Year of Award

2025

Document Type

Dissertation

Degree Type

Doctor of Philosophy (PhD)

Degree Name

Systems Ecology

Department or School/College

Department of Ecosystem and Conservation Science

Committee Chair

Diana L. Six

Commitee Members

Ylva Lekberg, Richard Sniezko, Philip Ramsey, James Elser

Keywords

bark beetles, conifers, ectomycorrhiza, fungi, symbioses, terpenes

Abstract

Symbioses of fungi with trees and insects play outsized roles in forest ecosystems, influencing tree growth, defense, physiology, and nutrient cycling. While their functional contributions are widely recognized, they remain poorly understood. I integrate findings from three studies examining fungal interactions with conifers and with bark beetles to highlight their significance in tree resistance to disease, nutrient redistribution within the tree, and forest ecology.

First, I demonstrate that foliar fungal endophytes and ectomycorrhizal fungi, together and independently, can enhance resistance in Pinus monticola seedlings against Cronartium ribicola, the pathogen responsible for white pine blister rust. Symbiont inoculation induced host terpene defenses and reduced disease symptoms in seedlings, while promoting growth in pathogen-free conditions. These findings encourage the consideration of fungal interactions in tree breeding programs aimed at improving resistance to invasive pathogens. Second, I demonstrate that non-specific fungal symbionts of bark beetles can be beneficial to the insect host. Most research on bark beetle-fungal symbioses has focused on beetles that maintain highly specialized fungal partnerships. Instead, I investigated the red turpentine beetle (Dendroctonus valens) that associates with a dynamic consortium of fungi that shifts in time and space. Through a field study and stable isotope tracing, I documented how these fungal consortia enrich phloem—normally poor in nitrogen and phosphorus—through nutrient transfer from sapwood to phloem enhancing beetle nutrition and reshaping the broader fungal decomposer community, accelerating wood decay. Notably, my results show that even beetles in non-obligate fungal symbioses benefit from microbial-mediated nutrient provisioning and that consortium fungi are superior to non-consortium taxa in provisioning nutrients. The discovery that beetle-associated fungi alter decomposer communities and density loss underscores the broader ecological consequences of beetle-fungus symbioses, extending beyond beetle nutrition to forest carbon storage and nutrient cycling.

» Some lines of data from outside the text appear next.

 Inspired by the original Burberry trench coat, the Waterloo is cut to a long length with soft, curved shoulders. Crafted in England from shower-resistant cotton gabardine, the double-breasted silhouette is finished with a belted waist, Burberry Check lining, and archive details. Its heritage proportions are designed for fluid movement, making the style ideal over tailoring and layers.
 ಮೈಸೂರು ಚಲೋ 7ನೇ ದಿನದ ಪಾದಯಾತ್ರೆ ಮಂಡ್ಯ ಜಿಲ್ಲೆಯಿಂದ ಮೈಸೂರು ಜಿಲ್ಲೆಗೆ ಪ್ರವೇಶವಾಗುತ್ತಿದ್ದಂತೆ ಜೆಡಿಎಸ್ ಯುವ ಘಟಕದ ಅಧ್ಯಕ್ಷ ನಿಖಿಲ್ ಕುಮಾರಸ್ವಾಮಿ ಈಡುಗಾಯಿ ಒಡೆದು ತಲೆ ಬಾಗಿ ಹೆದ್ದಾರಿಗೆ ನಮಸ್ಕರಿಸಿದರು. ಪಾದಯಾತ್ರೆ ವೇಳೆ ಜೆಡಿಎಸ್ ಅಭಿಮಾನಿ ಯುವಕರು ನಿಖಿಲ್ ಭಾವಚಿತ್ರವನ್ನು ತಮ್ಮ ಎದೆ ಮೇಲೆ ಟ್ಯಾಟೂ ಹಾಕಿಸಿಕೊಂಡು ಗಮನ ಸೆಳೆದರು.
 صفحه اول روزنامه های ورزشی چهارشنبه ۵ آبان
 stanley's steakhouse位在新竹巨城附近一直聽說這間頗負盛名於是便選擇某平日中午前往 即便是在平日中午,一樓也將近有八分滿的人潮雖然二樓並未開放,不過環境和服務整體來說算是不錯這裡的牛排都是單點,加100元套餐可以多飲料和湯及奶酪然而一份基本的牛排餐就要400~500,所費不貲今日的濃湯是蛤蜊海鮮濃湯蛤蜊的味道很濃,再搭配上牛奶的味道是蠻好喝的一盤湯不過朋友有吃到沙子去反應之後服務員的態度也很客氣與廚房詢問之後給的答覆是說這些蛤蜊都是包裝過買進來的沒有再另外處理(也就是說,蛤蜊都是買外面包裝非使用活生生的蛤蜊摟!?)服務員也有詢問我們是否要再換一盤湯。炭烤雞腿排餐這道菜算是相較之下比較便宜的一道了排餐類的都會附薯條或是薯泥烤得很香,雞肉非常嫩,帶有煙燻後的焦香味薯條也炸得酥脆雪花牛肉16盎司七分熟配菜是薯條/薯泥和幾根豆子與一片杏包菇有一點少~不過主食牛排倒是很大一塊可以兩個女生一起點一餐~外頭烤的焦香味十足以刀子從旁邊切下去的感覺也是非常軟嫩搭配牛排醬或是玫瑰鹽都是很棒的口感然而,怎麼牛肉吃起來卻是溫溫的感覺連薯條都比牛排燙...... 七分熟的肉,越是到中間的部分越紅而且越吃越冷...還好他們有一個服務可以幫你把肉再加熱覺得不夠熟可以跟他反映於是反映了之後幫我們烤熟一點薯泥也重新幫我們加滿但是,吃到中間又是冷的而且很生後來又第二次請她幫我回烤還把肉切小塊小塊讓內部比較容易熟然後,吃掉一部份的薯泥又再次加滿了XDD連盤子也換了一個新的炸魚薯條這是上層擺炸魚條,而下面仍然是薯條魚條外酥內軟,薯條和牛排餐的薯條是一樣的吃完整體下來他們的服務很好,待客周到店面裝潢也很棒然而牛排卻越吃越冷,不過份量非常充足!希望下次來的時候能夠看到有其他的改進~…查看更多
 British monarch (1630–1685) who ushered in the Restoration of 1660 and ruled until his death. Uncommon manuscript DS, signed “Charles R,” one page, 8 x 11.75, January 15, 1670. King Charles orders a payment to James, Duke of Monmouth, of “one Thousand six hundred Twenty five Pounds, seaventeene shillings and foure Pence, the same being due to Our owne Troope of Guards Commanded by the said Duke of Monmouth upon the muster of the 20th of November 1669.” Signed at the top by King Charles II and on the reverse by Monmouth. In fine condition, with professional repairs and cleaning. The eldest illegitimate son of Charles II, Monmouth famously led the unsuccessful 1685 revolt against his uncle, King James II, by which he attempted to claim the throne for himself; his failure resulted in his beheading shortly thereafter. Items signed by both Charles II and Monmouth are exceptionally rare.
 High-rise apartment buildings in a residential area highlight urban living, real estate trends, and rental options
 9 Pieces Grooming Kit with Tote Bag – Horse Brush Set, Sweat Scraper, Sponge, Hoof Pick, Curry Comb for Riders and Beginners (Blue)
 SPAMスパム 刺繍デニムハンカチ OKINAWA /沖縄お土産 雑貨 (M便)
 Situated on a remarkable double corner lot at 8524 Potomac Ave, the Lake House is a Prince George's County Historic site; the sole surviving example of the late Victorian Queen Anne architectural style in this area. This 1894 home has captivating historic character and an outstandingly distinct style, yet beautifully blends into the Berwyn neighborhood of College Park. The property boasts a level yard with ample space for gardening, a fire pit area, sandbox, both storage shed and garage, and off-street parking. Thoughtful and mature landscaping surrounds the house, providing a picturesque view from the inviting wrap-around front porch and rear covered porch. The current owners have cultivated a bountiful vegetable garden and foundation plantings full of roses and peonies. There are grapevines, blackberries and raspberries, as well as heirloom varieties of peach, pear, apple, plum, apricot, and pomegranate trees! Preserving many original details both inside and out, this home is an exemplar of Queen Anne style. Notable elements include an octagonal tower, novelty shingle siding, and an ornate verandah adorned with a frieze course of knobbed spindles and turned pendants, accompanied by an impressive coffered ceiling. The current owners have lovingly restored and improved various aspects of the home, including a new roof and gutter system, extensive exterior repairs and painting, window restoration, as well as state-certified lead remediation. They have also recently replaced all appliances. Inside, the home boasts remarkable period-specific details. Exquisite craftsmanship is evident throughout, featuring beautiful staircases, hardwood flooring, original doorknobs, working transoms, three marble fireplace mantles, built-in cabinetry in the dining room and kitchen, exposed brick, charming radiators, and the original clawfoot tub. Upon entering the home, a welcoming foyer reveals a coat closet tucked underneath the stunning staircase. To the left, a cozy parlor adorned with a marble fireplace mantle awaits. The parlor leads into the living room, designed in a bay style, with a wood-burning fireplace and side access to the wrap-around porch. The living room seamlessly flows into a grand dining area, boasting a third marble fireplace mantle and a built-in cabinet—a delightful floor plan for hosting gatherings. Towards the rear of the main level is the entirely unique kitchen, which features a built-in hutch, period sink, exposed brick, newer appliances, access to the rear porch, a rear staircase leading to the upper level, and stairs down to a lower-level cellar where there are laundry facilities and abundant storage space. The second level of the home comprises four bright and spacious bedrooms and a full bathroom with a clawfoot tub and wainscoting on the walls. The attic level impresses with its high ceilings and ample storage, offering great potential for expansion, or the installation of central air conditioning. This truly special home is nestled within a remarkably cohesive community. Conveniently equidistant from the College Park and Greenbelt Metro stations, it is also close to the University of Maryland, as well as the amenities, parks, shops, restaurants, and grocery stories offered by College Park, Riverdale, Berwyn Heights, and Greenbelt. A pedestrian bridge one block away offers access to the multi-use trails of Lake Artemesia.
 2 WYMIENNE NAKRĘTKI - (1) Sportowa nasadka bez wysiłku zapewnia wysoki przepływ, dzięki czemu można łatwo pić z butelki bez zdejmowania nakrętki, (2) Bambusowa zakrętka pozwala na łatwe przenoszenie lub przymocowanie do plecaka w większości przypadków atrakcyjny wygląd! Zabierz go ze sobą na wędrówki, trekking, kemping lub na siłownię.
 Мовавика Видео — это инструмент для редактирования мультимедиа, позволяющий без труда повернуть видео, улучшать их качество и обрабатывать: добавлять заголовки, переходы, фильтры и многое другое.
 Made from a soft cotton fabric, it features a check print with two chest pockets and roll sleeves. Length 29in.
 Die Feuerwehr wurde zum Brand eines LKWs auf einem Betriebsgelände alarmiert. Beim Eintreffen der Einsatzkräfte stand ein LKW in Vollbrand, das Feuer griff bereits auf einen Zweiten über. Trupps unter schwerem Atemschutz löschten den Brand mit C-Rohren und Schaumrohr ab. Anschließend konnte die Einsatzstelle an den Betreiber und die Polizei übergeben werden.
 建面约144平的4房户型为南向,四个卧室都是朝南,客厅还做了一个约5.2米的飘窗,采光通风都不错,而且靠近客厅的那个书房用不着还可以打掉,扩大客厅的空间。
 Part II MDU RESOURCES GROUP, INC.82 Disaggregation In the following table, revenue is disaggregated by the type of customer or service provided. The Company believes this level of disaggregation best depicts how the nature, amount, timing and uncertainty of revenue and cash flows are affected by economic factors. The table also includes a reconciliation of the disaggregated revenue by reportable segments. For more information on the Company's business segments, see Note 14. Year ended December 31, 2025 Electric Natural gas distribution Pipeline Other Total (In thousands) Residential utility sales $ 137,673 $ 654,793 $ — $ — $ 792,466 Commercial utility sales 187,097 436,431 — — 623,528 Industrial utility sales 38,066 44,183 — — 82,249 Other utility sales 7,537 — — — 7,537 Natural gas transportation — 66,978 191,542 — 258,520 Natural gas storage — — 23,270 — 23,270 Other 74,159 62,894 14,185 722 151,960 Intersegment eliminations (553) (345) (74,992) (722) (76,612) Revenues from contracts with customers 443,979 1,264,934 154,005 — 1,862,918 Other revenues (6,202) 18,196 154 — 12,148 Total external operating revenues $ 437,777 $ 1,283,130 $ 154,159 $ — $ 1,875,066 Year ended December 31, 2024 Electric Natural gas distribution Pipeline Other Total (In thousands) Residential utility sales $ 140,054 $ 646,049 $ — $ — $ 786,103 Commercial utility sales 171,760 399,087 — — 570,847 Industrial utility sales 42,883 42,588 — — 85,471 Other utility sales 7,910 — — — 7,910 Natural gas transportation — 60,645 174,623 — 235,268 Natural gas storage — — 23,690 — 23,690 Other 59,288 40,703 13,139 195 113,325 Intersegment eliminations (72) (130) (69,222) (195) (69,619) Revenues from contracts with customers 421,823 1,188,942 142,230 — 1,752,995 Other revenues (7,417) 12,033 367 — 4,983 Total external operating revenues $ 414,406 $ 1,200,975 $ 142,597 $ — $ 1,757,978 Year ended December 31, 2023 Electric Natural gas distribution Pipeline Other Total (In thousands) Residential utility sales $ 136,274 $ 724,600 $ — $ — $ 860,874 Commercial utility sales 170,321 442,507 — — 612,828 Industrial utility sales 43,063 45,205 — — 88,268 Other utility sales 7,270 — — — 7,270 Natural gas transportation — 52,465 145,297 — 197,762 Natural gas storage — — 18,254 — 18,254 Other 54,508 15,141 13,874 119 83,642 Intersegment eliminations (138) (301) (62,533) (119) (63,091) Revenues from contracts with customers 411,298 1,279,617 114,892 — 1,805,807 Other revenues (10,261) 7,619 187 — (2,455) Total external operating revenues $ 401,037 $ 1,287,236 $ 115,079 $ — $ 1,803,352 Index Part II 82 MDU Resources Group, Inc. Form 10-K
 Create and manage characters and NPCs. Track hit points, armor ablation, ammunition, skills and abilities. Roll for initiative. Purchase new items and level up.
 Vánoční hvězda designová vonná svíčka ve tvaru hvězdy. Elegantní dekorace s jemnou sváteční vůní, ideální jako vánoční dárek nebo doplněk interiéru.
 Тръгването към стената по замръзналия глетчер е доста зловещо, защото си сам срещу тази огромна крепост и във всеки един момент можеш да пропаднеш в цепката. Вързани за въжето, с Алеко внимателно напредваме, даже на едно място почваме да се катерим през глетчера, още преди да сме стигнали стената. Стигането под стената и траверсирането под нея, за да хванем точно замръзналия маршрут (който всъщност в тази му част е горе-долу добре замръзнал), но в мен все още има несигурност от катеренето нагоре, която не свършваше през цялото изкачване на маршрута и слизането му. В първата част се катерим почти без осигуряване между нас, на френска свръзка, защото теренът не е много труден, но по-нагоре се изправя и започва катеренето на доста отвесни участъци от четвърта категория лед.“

Finally, to better understand how fungal symbioses may change under a changing climate, I performed a meta-analysis of global conifer foliar endophyte biodiversity, and assessed the relative drivers, (i.e., host filtering, climatic filtering, and dispersal limitations) that determine global endophytic fungus distributions. These findings provide the first comprehensive assessment of conifer foliar endophyte diversity, emphasizing the interplay between host filtering and environmental factors.

Together, these studies highlight the diverse ecological roles of fungal symbionts, from enhancing tree defense and beetle nutrition to shaping microbial diversity and ecosystem processes in forests worldwide.